Joining a church is similar to joining in marriage. (Eph 5) Focus on those things in which you agree, pray for sanctification for all involved, AND, MOST IMPORTANTLY, DON'T AIR YOUR DISAGREEMENTS IN PUBLIC! 

(My zeal reflects an ongoing struggle I have in pastoring and is not directed at anyone here on PB)


Edit: I just realized I quoted Margaret's post by accident. My post was not directed at Margaret just so there is no confusion.


----------



## Galatians220 (Feb 9, 2009)

No one knows the nature of any differences I may have with any particular confession or catechism and no one will ever know them. Why? I might be wrong in harboring such a difference and as I recognize that, it would be patently foolish to let it be known. I am a member in good standing in a Westminster confessional church and intend to do everything I can to keep it that way. 

I have never aired any church disagreement in public, nor would I *ever* do such a thing. 

Margaret


----------



## shackleton (Feb 9, 2009)

Pilgrim said:


> While I probably wouldn't make the same choices today, I have to say that overall it was a valuable learning experience. Through joining the OPC, attending presbytery meetings in both the OPC and PCA and participating here and in other Reformed paedobaptist forums, I have been exposed to viewpoints that I may not have been brought face to face with otherwise, (certainly not in the depth that I have explored them) and overall the experience has served to strengthen my convictions.



This sounds exactly like me over the past 3 years. I am learning this now and hope to settle on a place.


----------



## fredtgreco (Feb 9, 2009)

I've been busy all day, but I will try tonight to reply to the questions asked of me.


----------



## MW (Feb 9, 2009)

I don't think a dichotomy can be drawn between a confession to church or a church to confession model. In 1 John 2:12-14 we see different stages in the Christian life. A babe knows enough to know his sins are forgiven; a young man has learnt the art of spiritual warfare and how to combat the world; and a father is seeking to lovingly and prudently pass on his knowledge of God to others. Given such clear developmental stages, one might begin with the church community and there learn the confession, but may feel his doctrinal convictions are no longer suited to his communion, and therefore needs to move elsewhere. At that point he takes his confessional understanding and evaluates the ecclesiastical situation so as to see where he is best suited.


----------



## fredtgreco (Feb 9, 2009)

OK, let me try and unpack what I was saying a bit. 

*First*, I am not trying to pit the Confession against the Church.
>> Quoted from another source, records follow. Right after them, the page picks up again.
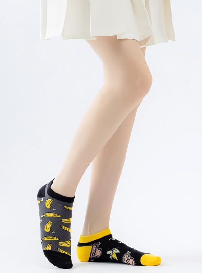 2 Pairs Funny Cartoon Animal Print Cotton Ankle Socks for Women Teens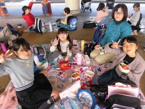 みんな,お家の人が作ってくれたお弁当を,とっても嬉しそうに食べていました。友達と仲良く話しながら,楽しくおやつタイムもできました。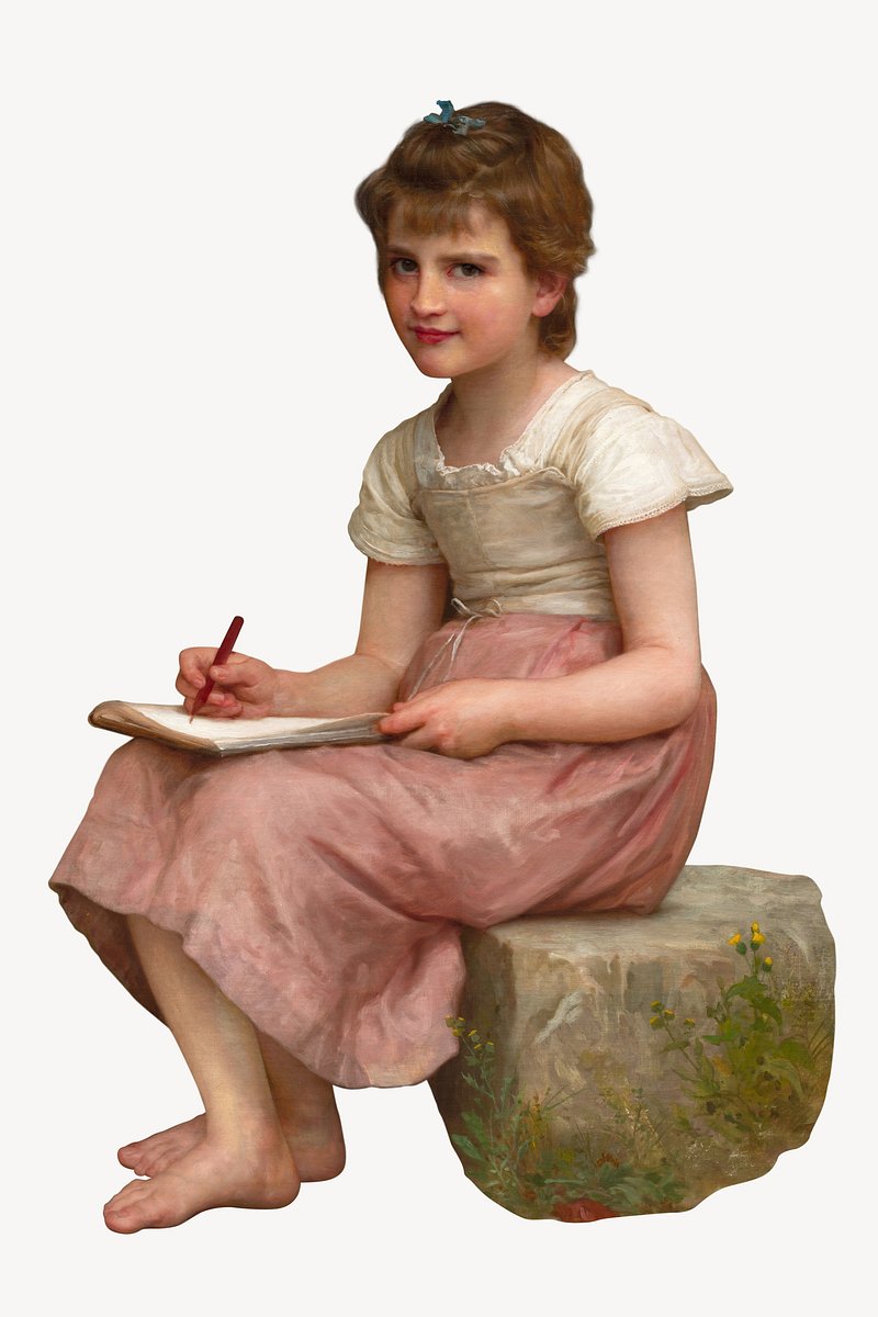 A Calling by William Adolphe Bouguereau vintage illustration isolated on white, psd. Remixed by rawpixel https://www.rawpixel.com/image/25013441/psd-image-png-paper-faceView license

The Confession is an outgrowth of the Church. It is the Church that “confesses.” A Confession is not some kind of abstract ether that an individual tries to bottle and have the perfect Biblicism. That is why Confessions are products of their times. That is not a bad thing, it is a good thing. It allows Confessions to build on each other, and to see the key issues that are harming the people of God. The Westminster Confession, for example, is much more focused on refuting the errors of Romanism than we are today (at least in a Confessional and polemical way). Why is that? Is it because we are so much better than the divines? So much more refined? NO! It is because we stand downstream of the Westminster Confession, and we stand on the shoulders of the divines. The _very reason_ that polemics are not as obvious today is because they have already been laid out. You don’t need to search to find the differences between Romanist soteriology and Biblical soteriology – it is laid out for you in great detail in the Confession.
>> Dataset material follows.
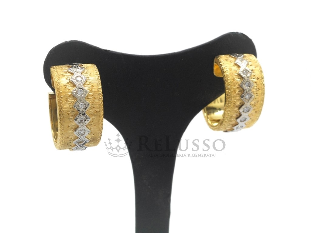 In assolvimento degli oneri di correttezza e trasparenza, la Gioielleria ReLusso® dichiara espressamente di NON rivestire la qualifica di concessionario ufficiale MARIO BUCCELLATI e di non intrattenere rapporti commerciali diretti con la societa’ titolare del marchio. Tutti i gioielli MARIO BUCCELLATI esposti sono acquistati da privati e rimessi a nuovo mediante l’esclusivo metodo rigenerante LuxuRigenâ„¢. In ogni caso ReLusso garantisce l’assoluta originalità e la perfetta integrità dei beni commercializzati e le relative garanzie. I collegamenti ai siti delle case produttrici presenti in questa e nelle altre pagine del sito, hanno l’esclusivo scopo di agevolare i visitatori del nostro sito nella consultazione dei prodotti da noi commercializzati nel rispetto della legge vigente, ma in relazione ai quali NON rivestiamo la qualità di rivenditori autorizzati. Le case produttrici a cui i collegamenti rimandano sono le esclusive titolari del marchio dei prodotti e licenziatarie dello stesso. ReLusso non fa parte di MARIO BUCCELLATI concessionari ufficiali e MARIO BUCCELLATI rivenditori autorizzati. Il Prezzo di Listino del nuovo indicato su alcuni gioielli, corrisponde al “prezzo di listino al pubblico” riportato sul sito ufficiale della maison o su quelli dei loro rivenditori ufficiali. Viene riportato per fornire una indicazione del valore del prodotto, ma in alcuni negozi il prezzo effettivo potrebbe risultare più basso. Tutti i nostri gioielli sono venduti con l’escusiva confezione regalo ReLusso. La scatola originale del gioiello è fotografata esclusivamente a scopo illustrativo e potrebbe non essere disponibile. Per maggiori informazioni vi preghiamo di leggere le nostre FAQ – Domande frequenti.

*Second*, I do realize that we judge the commitment of a church to the Bible through its confession. It is impossible to do otherwise! If you want to see if a church is Biblical, you must ask them what they believe. As soon as the church answers that question, you have a confession. (So much for the “no creed but Christ” folks, who really only have an _unwritten_ confession.)

*Third*, there is the practical matter to be considered. How does one choose a church? There seem two obvious routes: (1) I can study the various Confessions in private, determining which is the most “Biblical” and then after selecting one, I search out a church with that confession; or (2) I can participate in a church and study its doctrine (a confession!) in the context of the communion of the saints. Both approaches are imperfect, of course. But there is (in my opinion) an extreme irony in approach #1. The very person who would claim to be “confessional” and (hence) deny the absolute nature of private interpretation (the age old enemy of Confessionalism) expects to exercise the right of private interpretation in finding the “best” confession! After all, how are we to judge (properly) the best confession, except to compare its faithfulness in summarizing the Scriptures? So, in order to avoid private interpretation, we go totally in private and analyze the Biblical claims of a confession? I don’t think so.
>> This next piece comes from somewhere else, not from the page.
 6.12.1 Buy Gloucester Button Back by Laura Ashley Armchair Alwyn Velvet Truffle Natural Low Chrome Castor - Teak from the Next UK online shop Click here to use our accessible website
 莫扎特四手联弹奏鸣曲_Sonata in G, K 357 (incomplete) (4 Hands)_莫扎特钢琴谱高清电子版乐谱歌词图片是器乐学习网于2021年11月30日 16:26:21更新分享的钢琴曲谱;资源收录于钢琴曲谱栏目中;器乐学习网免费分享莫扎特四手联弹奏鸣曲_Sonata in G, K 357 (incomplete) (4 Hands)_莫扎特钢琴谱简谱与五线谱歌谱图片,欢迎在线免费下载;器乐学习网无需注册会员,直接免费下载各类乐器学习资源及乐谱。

*Fourth*, I realize that the process is a cyclical one. In other words, you can never (totally) divorce Confession and Church. Why would you want to? The Church makes its beliefs known through the Confession, and the Confession has no real meaning apart from the Confession. So the believer (and good Berean) will be continually testing the Confession by the Bible, and continually testing the Church by both its own Confession and the Bible. One might go from one Church A to Church B because Church B more closely adheres to the confession both Church A and Church B hold. Or one might move to Church C, _precisely because_ it holds to a different Confession from both A & B – and Church C’s Confession is judged to be more Biblical. The process can also work in the other direction – as a believer is convinced to change from a doctrine he holds that is contra-Confessional to one that is Confessional because of the influence and teaching of the church. For example, we see this all the time as (for example) believers are convinced of Sabbatarianism or the Third Use of the Law because they are convinced by the teaching of the Church and Scripture.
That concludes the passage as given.